# [Data extracts]
========================================

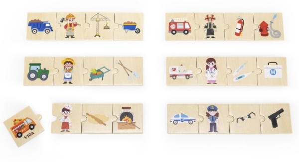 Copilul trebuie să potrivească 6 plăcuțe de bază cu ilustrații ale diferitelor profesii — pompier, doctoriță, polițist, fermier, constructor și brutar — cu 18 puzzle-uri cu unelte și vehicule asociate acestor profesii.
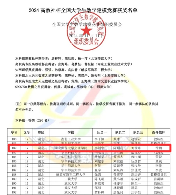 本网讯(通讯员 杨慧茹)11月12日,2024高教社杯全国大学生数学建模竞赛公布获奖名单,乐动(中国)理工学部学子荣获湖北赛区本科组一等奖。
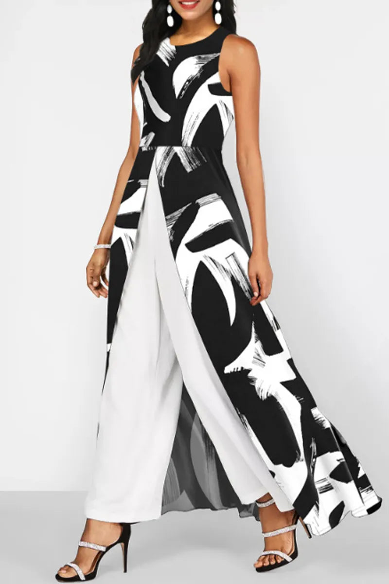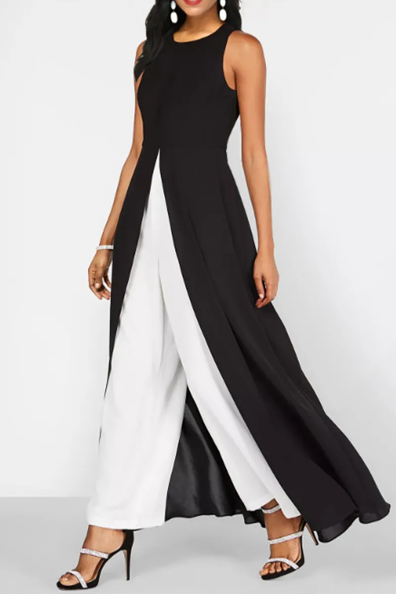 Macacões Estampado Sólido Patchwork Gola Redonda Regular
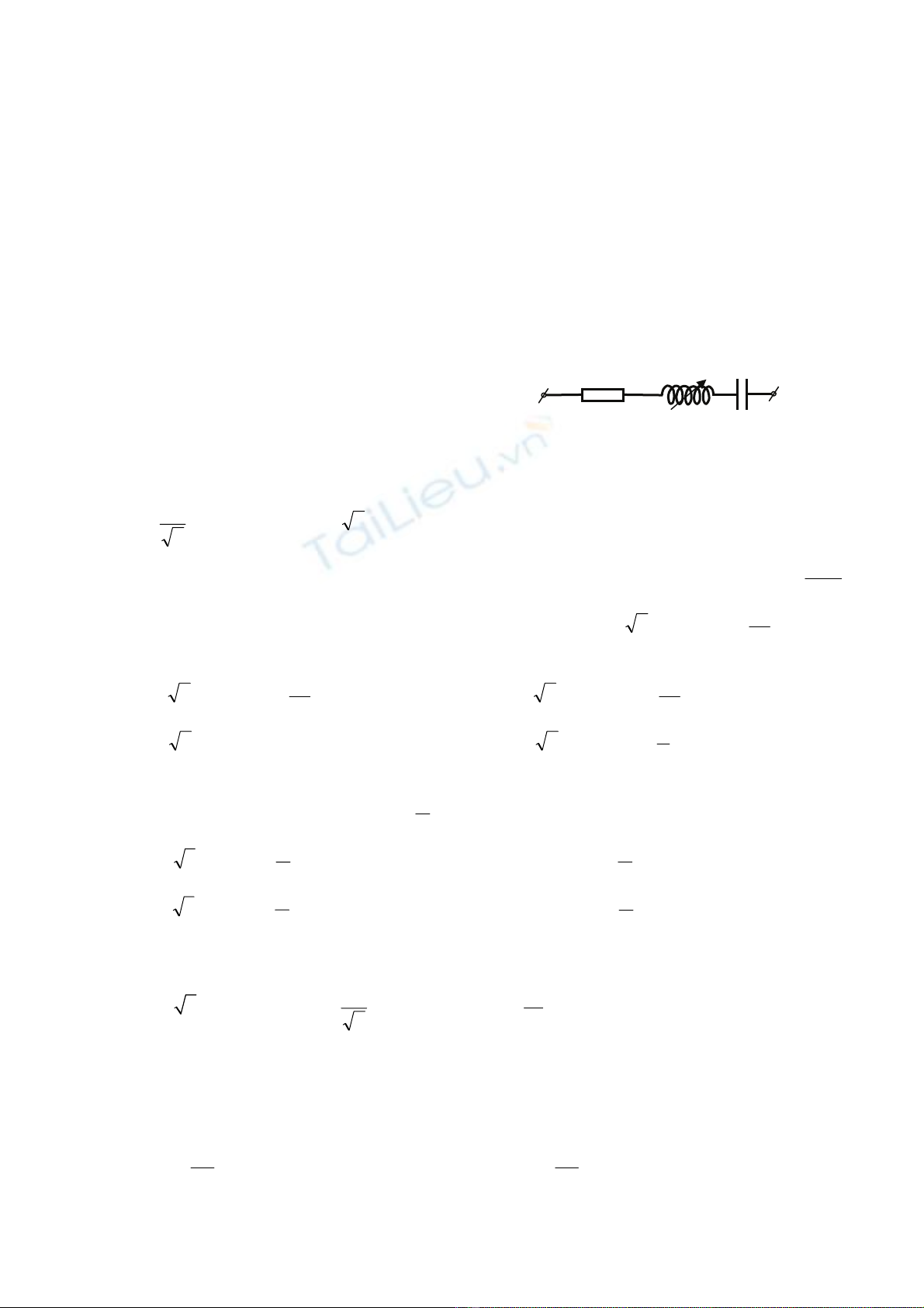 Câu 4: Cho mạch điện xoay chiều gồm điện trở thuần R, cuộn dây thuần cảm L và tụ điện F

========================================

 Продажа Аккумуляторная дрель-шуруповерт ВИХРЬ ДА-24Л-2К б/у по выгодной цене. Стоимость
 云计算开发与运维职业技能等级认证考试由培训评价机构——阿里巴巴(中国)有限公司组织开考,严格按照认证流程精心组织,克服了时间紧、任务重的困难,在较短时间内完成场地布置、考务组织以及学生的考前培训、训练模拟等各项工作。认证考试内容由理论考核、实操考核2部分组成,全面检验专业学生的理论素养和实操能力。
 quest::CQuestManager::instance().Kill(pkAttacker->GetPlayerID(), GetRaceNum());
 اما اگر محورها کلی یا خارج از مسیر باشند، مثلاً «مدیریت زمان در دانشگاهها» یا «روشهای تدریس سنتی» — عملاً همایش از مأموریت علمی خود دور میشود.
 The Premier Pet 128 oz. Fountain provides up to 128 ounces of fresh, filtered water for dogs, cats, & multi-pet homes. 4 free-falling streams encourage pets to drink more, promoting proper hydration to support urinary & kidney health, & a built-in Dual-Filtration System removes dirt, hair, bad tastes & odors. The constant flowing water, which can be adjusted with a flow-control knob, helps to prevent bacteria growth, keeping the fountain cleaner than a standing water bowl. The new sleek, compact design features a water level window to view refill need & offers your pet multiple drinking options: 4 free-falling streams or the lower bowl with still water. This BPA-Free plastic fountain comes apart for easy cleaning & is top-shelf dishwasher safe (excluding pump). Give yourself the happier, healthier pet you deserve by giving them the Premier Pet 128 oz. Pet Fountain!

========================================

# [Problem]
Keeping every character as it is, restate the lines above that run from the line with "Продажа Аккумуляторная дрель-шуруповерт" through the line with "اما اگر محورها", both included, and nothing else.

# [Solution to this problem]
 Продажа Аккумуляторная дрель-шуруповерт ВИХРЬ ДА-24Л-2К б/у по выгодной цене. Стоимость
 云计算开发与运维职业技能等级认证考试由培训评价机构——阿里巴巴(中国)有限公司组织开考,严格按照认证流程精心组织,克服了时间紧、任务重的困难,在较短时间内完成场地布置、考务组织以及学生的考前培训、训练模拟等各项工作。认证考试内容由理论考核、实操考核2部分组成,全面检验专业学生的理论素养和实操能力。
 quest::CQuestManager::instance().Kill(pkAttacker->GetPlayerID(), GetRaceNum());
 اما اگر محورها کلی یا خارج از مسیر باشند، مثلاً «مدیریت زمان در دانشگاهها» یا «روشهای تدریس سنتی» — عملاً همایش از مأموریت علمی خود دور میشود.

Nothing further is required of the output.